_Stored data:_
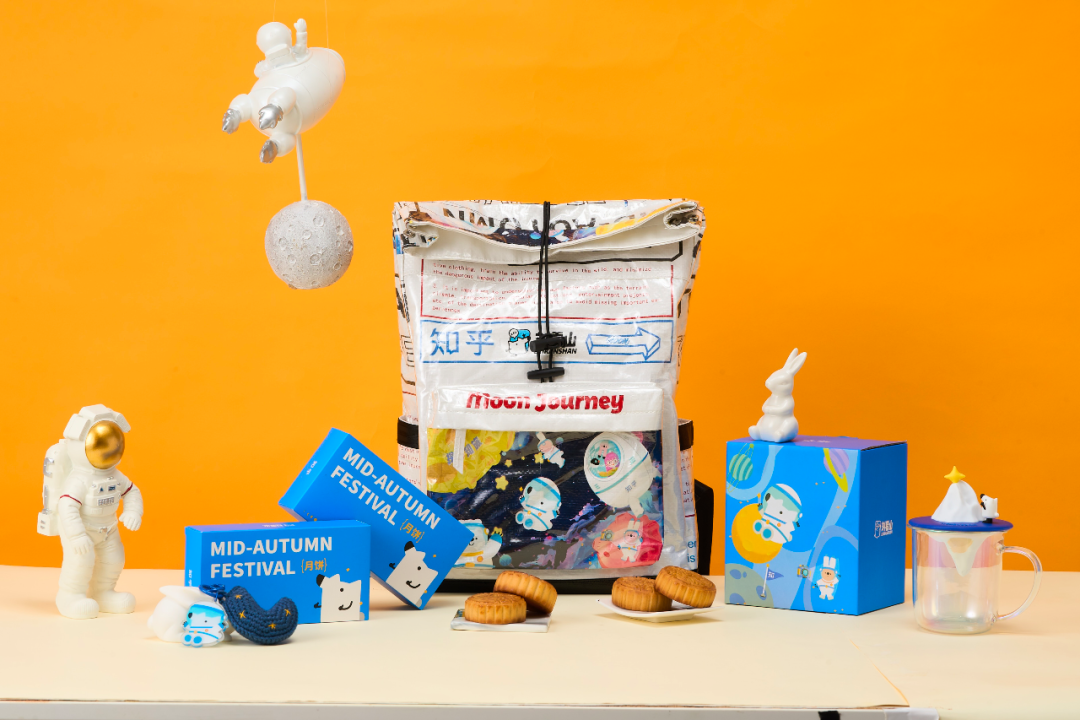 除了用以補充能量的月餅,登月設(shè)備里還包含了一系列知乎特色周邊,比如實用的加濕器、玻璃杯。當(dāng)然,每一個物件上面都趴著宇航員劉看山。
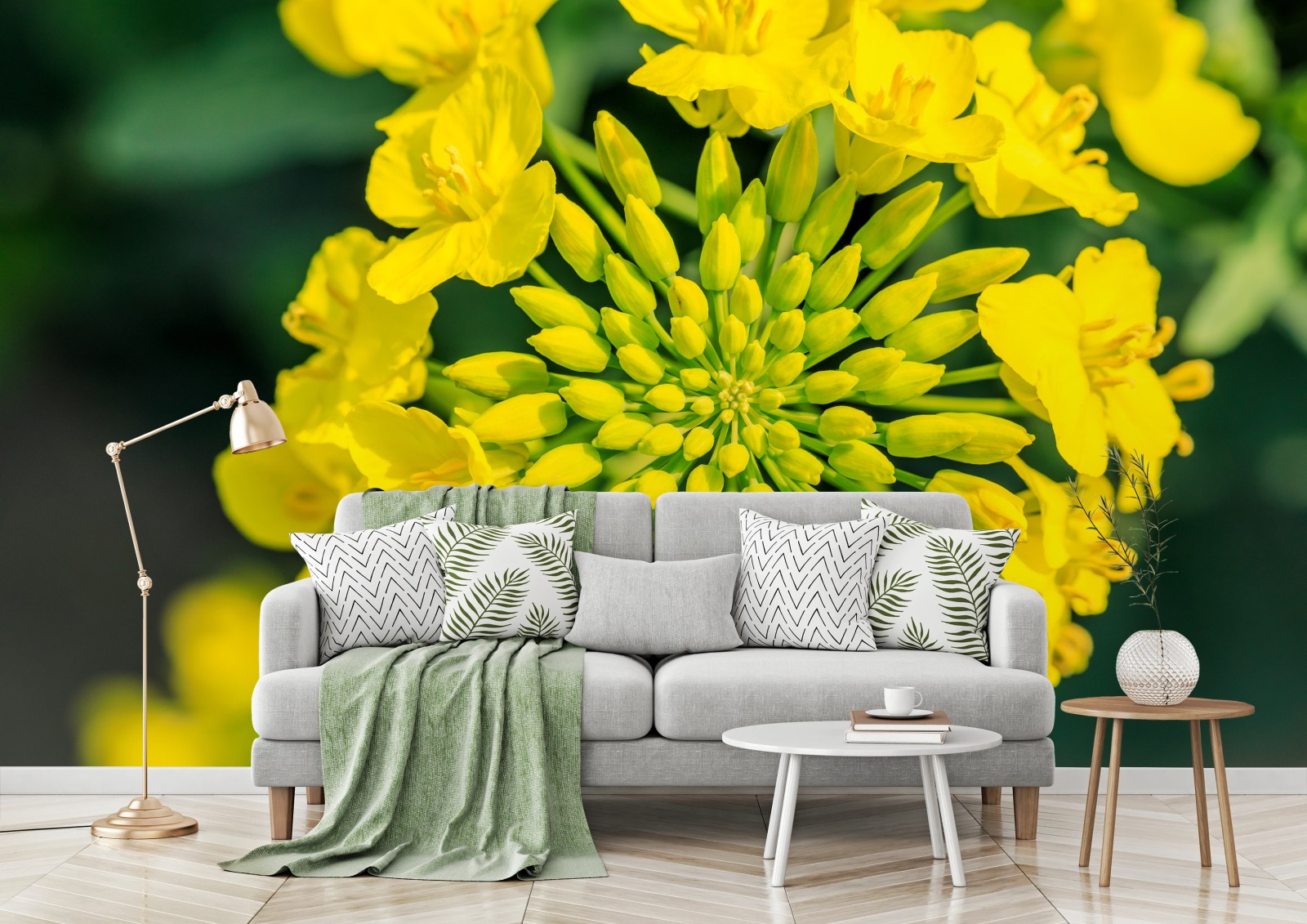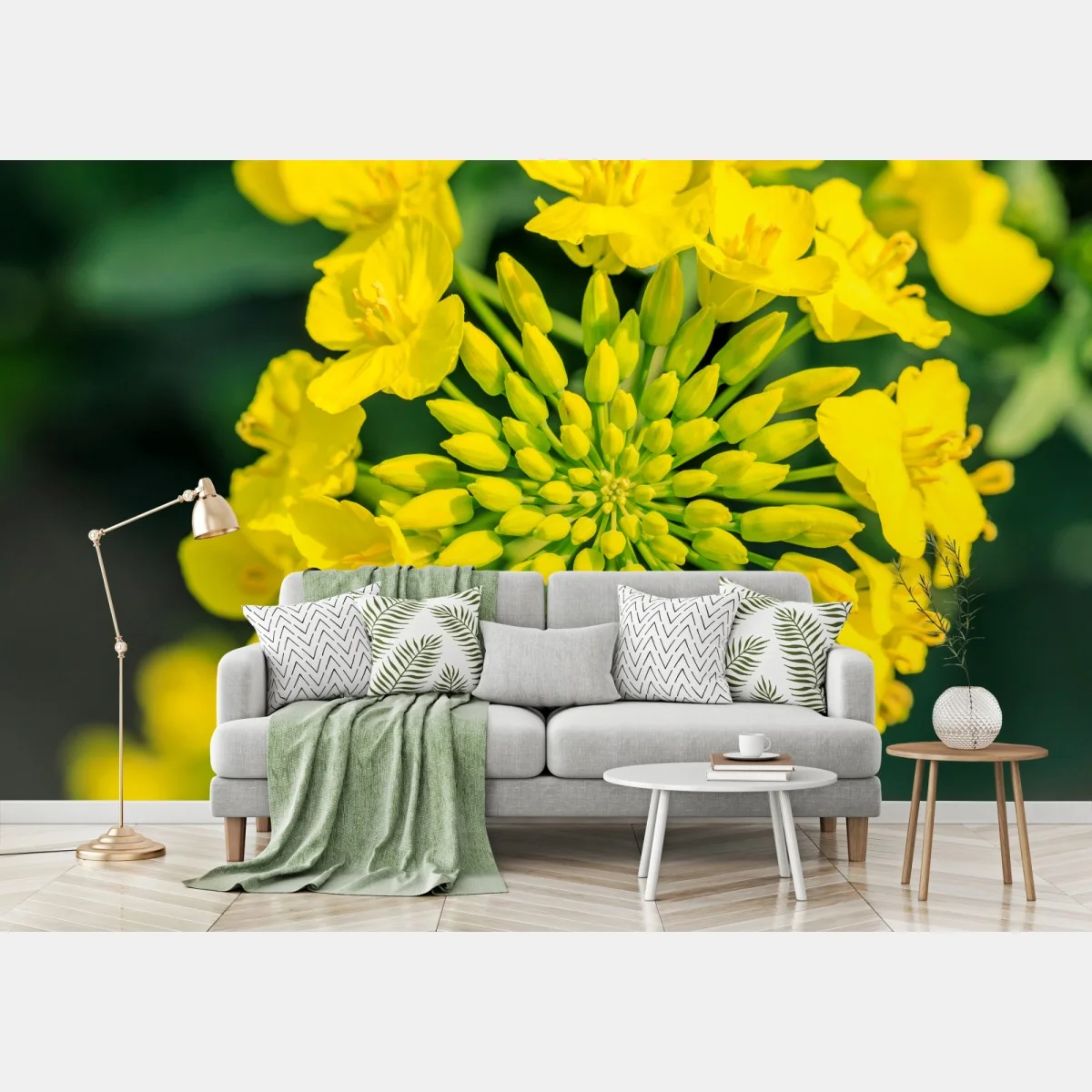 Fototapete Lebhafte gelbe rapsblüte im nahen makro
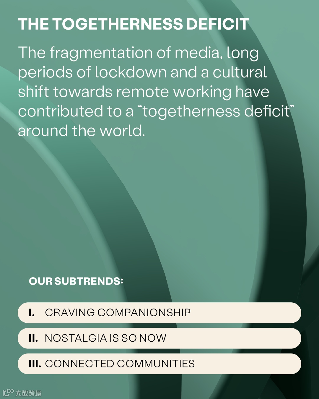 In a world where we are together less often in the physical space, togetherness through shared cultural understanding matters more than ever. Winning in the algorithmic era will mean connecting with consumers around shared passions and interests, as community becomes the new scale and the new connective tissue.

_What is needed:_ Starting at the top of the listing above, please restate word for word each line up to and including the one that holds "Fototapete Lebhafte gelbe", omitting every image.

_Exercise answer:_
 除了用以補充能量的月餅,登月設(shè)備里還包含了一系列知乎特色周邊,比如實用的加濕器、玻璃杯。當(dāng)然,每一個物件上面都趴著宇航員劉看山。
 Fototapete Lebhafte gelbe rapsblüte im nahen makro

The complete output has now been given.